Pharlux V1 uses DataFusion SQL LIKE / ILIKE operators for log body search, scanning over Parquet files directly. This avoids the complexity of maintaining a separate full-text index while covering the majority of small-team use cases.

Performance characteristics

Daily log volume7-day LIKE scan time (2 vCPU)7-day LIKE scan time (4 vCPU)Assessment
< 1 GB/day< 2 seconds< 1 secondExcellent
1–5 GB/day2–15 seconds1–8 secondsGood
5–10 GB/day15–30 seconds8–15 secondsAcceptable
10–20 GB/day30–60 seconds15–30 secondsDegraded — consider tantivy index (V1.1)
> 20 GB/day> 60 seconds> 30 secondsNot recommended without full-text index

The recommended threshold for LIKE-based search is 10 GB/day sustained log volume. Above this, 7-day LIKE scans will exceed the 30-second response time target on a typical 2-vCPU VPS.

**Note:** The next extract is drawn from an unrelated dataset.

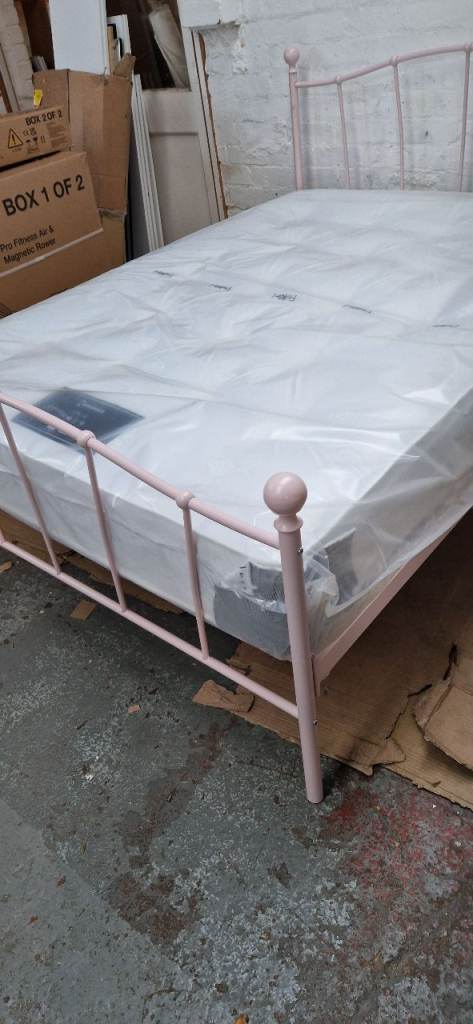 !!! Ex Display Model !!! Argos home Fleur double metal bed frame - Pink & brand new 10 inch deep spring firm orthopaedic mattress

Why LIKE is sufficient for small teams

  • Parquet's columnar layout means LIKE '%pattern%' only reads the body column, not the entire row
  • Zstd compression reduces I/O; dictionary encoding on repeated fields (severity_text, scope_name) further reduces scan volume
  • DataFusion's predicate pushdown and partition pruning (by time range) reduce the data scanned
  • For the target audience (1–10 services on a single VPS), log volume is typically 0.5–5 GB/day

Query patterns

-- Search log bodies
SELECT timestamp, severity_text, body
FROM logs
WHERE tenant_id = 'default'
AND timestamp > now() - INTERVAL '1 hour'
AND body LIKE '%connection refused%'
ORDER BY timestamp DESC
LIMIT 100;

-- Case-insensitive search
SELECT timestamp, body
FROM logs
WHERE body ILIKE '%error%'
AND timestamp > now() - INTERVAL '24 hours';

-- Cross-signal correlation via trace_id
SELECT l.timestamp, l.body, l.severity_text
FROM logs l
WHERE l.trace_id = X'0102030405060708090a0b0c0d0e0f10'
ORDER BY l.timestamp;

Partition pruning

Pharlux stores logs in hourly partitions (data/logs/{tenant_id}/YYYY/MM/DD/HH/). Queries that include a time range filter (WHERE timestamp > ...) automatically benefit from partition pruning — only relevant hour partitions are scanned.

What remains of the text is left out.